Philippine Statement
Permanent Mission of the Philippines to the United Nations

Disarmament and International Security

during the General Debate of the First Committee
59th United Nations General Assembly
New York, 13 October 2004


Mr. Chairman,

The Philippines associates itself with the statement made by Myanmar on behalf of the ten (10) members of the Association of the Southeast Asian Nations (ASEAN).

We take this opportunity to commend the support of Undersecretary-General Nobuyasu Abe and the Department for Disarmament affairs to our disarmament cause. Undersecretary Abe’s statement has given us a comprehensive and up-to-date view of where stand on disarmament issue at this time.

The Philippines shares the concern of other delegations over the lack of progress on nuclear disarmament and non-proliferation in the multilateral arena.
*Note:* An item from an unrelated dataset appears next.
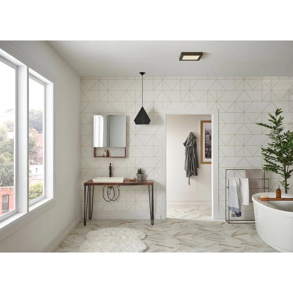 Broan® Roomside Series 110 CFM, 1.5 Sones Decorative Exhaust Fan with Square Flat Panel LED Light offers White, Brushed Bronze and Brushed Nickel Trim Kits to allow you to upgrade or match the style of your bathroom or powder room. The Low-Profile LED panels are not only bright but also long-lasting for illumination where and when you need it. Powerfully efficient ventilation works quietly to keep your space free from odor and humidity in a modern, elegant design. With Roomside installation, no attic access is required, providing you with a faster and easier installation.

There has regrettably been no substantive discussion during the last session of the UN Disarmament Commission (UNDC), bogged down on the issue of agenda setting. Despite the UNDC Chairman’s efforts, the European Union, the Non-Aligned Movement, and the United States failed to reach an agreement in achieving a compromise package of substantive agenda items.

Furthermore, the Third and Final Session of the Preparatory Committee for the 2005 NPT Review Conference failed to produce a consensus report containing a substantive recommendation for the 2005 NPT Review Conference.
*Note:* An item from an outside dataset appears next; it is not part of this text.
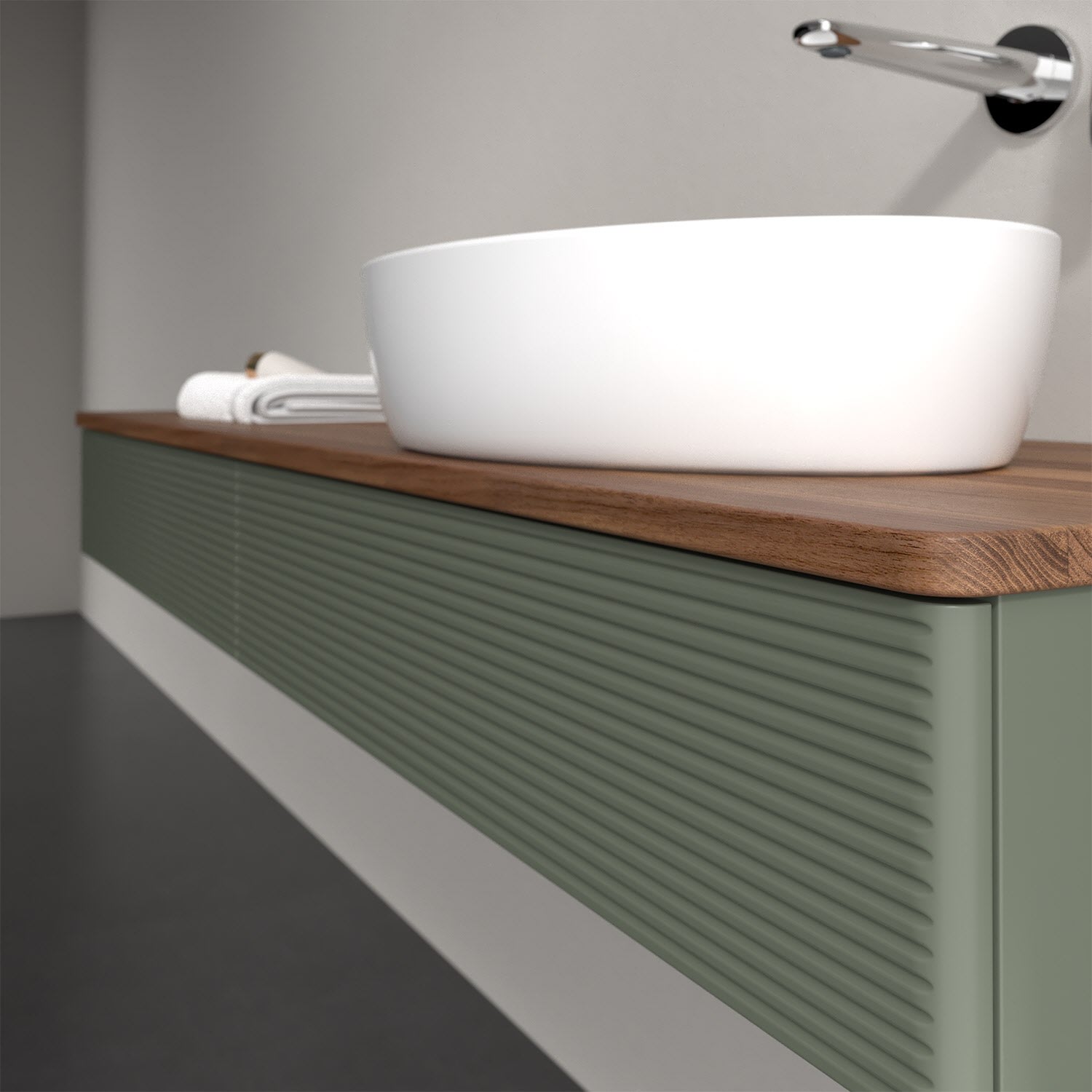 Für diesen Waschbeckenunterschrank stehen Ihnen Aufsatzwaschtische aus verschiedenen Serien zur Verfügung (siehe "Passliste" unter Downloads). Ein ausgewähltes Beispiel finden Sie im Zubehör. Den Waschtisch bitte separat mitbestellen.

On the other hand, my delegation notes recent promising developments despite the collapse of the recent session of the UNDC.

First, the First Session in June this year of the Open-Ended Working Group to Negotiate an International Instrument to Enable States to Identify and Trace, in a Timely and Reliable Manner, Illicit Small Arms and Light Weapons established under resolution 58/241 promised further efforts to curb the problem brought about by the illicit trade in small arms and light weapons, particularly on the three key elements of tracing, namely, marking, record-keeping and international cooperation. It is fortunate that this issue continues to remain at the forefront of United Nations concerns.

The Philippines has been taking every possible step to enhance our program to address the problem on illicit trade of small arms and light weapons, and in the areas of marking and record-keeping as well as cooperation in tracing of small arms. The Philippine National Police has been strictly enforcing our Basic Firearms Law, seeing to it that the manufacturing processes of arms and weapons are in accordance with law and other existing regulations. We also have what we call our “macro-etching” process enabling us to determine or restore the original serial numbers of firearms which have been defaced or tampered.

Second, the Comprehensive Nuclear Test-ban Treaty (CTBT), with its verification and on-site inspection regime, is a major contribution towards the reduction and eventual elimination of nuclear weapons. The Philippines endorsed the Joint Ministerial Statement on the CTBT last month, calling for its universal adherence. My country is committed to maintaining a stable and peaceful international and regional environment. Once again, we join the call on all States to refrain from pursuing programs that would undermine the CTBT, pending its entry into force.

The Philippines has consistently stressed the importance of achieving universal adherence to the Nuclear Non-Proliferation Treaty. It is indeed disappointing to note that four years after the 2000 NPT Review Conference, the collective and unequivocal commitment by Nuclear Weapons States for a transparent, accountable and verifiable elimination of their nuclear arsenals remains largely unrealized. Once again we urge the nuclear weapons states to make further efforts towards the elimination of nuclear weapons.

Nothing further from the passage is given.